EXERCISE GOAL ▸ From top to bottom, print the listing word for word and skip any pictures it contains.

GIVEN DATA ▸
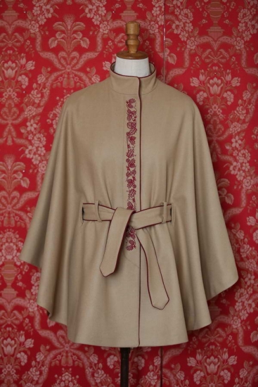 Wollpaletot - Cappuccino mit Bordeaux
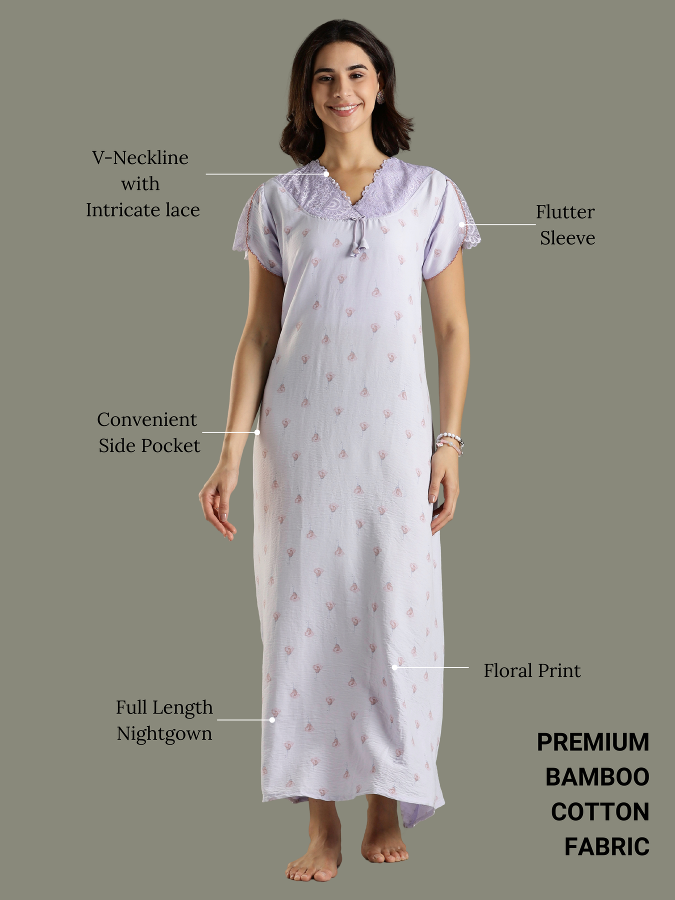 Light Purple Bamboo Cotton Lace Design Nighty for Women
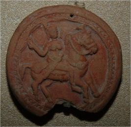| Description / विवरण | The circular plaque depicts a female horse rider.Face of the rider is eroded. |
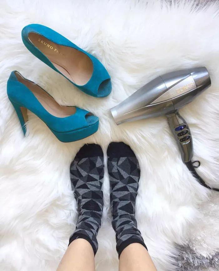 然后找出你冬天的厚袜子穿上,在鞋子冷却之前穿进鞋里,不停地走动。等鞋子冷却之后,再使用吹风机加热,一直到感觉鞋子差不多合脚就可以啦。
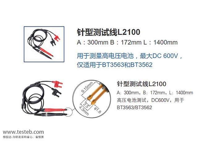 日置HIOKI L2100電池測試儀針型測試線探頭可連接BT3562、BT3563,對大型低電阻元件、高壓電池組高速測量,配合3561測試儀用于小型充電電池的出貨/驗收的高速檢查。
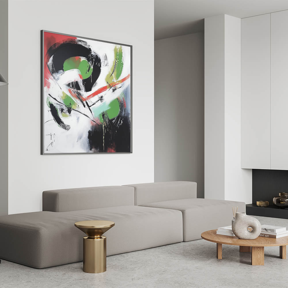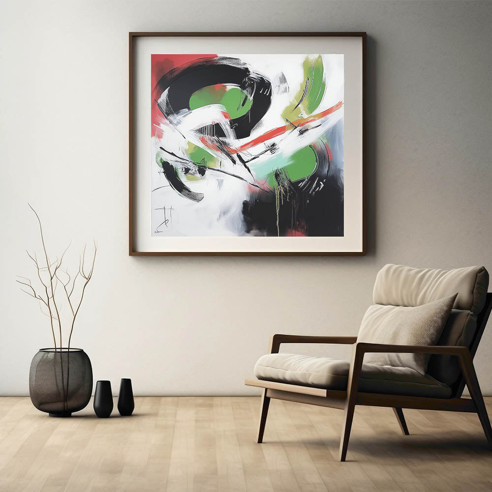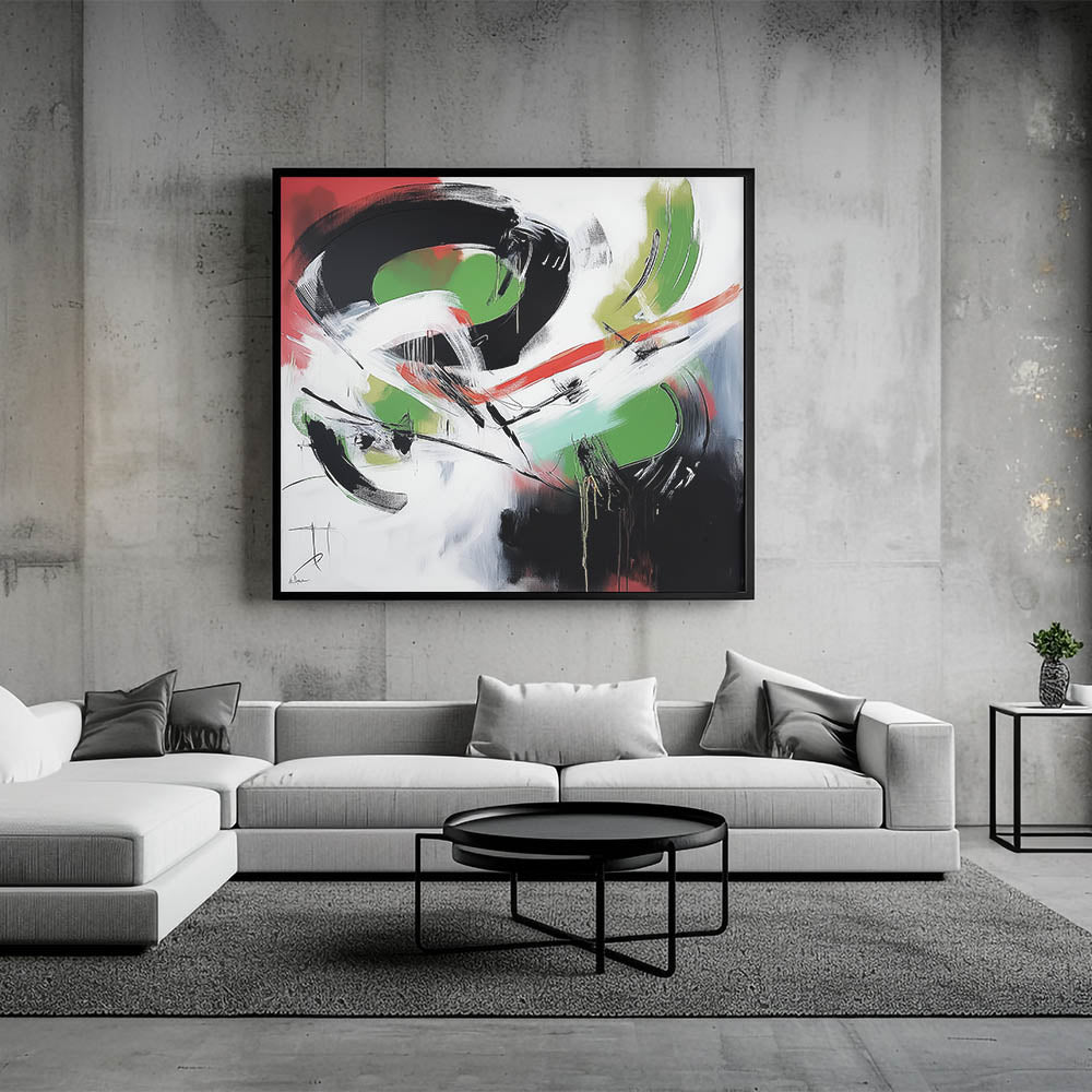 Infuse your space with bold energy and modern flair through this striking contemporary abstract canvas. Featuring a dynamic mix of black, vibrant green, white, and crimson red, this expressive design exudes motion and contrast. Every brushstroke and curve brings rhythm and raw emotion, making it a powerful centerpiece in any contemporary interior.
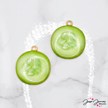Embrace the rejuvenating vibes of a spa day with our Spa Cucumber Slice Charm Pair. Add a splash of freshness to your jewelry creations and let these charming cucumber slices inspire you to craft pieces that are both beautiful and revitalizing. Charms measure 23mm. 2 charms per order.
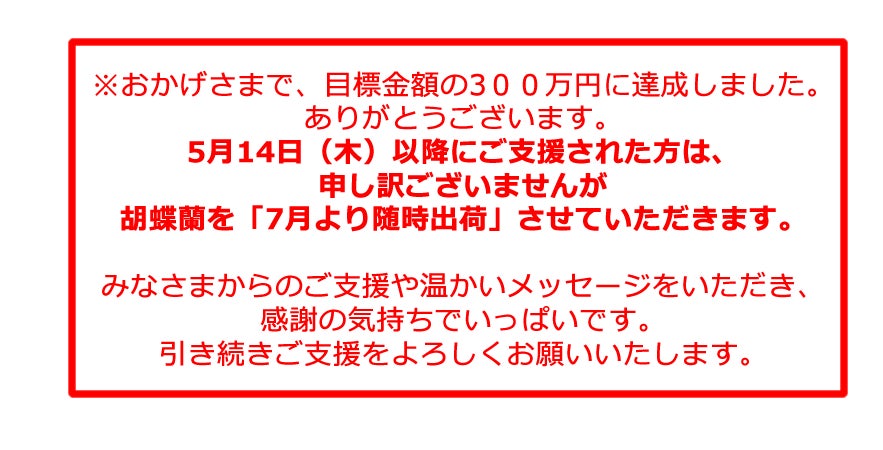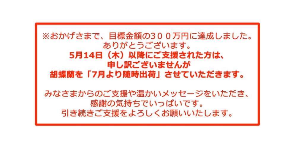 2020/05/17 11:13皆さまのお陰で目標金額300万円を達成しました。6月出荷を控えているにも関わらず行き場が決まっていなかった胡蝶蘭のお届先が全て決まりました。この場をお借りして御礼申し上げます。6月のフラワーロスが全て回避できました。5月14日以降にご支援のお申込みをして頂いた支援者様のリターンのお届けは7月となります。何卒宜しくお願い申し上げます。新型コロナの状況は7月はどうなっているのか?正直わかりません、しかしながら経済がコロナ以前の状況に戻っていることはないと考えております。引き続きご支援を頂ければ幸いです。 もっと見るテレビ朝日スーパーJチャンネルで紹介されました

FINISHED TASK ▸
 Wollpaletot - Cappuccino mit Bordeaux
 Light Purple Bamboo Cotton Lace Design Nighty for Women
| Description / विवरण | The circular plaque depicts a female horse rider.Face of the rider is eroded. |
 然后找出你冬天的厚袜子穿上,在鞋子冷却之前穿进鞋里,不停地走动。等鞋子冷却之后,再使用吹风机加热,一直到感觉鞋子差不多合脚就可以啦。
 日置HIOKI L2100電池測試儀針型測試線探頭可連接BT3562、BT3563,對大型低電阻元件、高壓電池組高速測量,配合3561測試儀用于小型充電電池的出貨/驗收的高速檢查。
 Infuse your space with bold energy and modern flair through this striking contemporary abstract canvas. Featuring a dynamic mix of black, vibrant green, white, and crimson red, this expressive design exudes motion and contrast. Every brushstroke and curve brings rhythm and raw emotion, making it a powerful centerpiece in any contemporary interior.
Embrace the rejuvenating vibes of a spa day with our Spa Cucumber Slice Charm Pair. Add a splash of freshness to your jewelry creations and let these charming cucumber slices inspire you to craft pieces that are both beautiful and revitalizing. Charms measure 23mm. 2 charms per order.
 2020/05/17 11:13皆さまのお陰で目標金額300万円を達成しました。6月出荷を控えているにも関わらず行き場が決まっていなかった胡蝶蘭のお届先が全て決まりました。この場をお借りして御礼申し上げます。6月のフラワーロスが全て回避できました。5月14日以降にご支援のお申込みをして頂いた支援者様のリターンのお届けは7月となります。何卒宜しくお願い申し上げます。新型コロナの状況は7月はどうなっているのか?正直わかりません、しかしながら経済がコロナ以前の状況に戻っていることはないと考えております。引き続きご支援を頂ければ幸いです。 もっと見るテレビ朝日スーパーJチャンネルで紹介されました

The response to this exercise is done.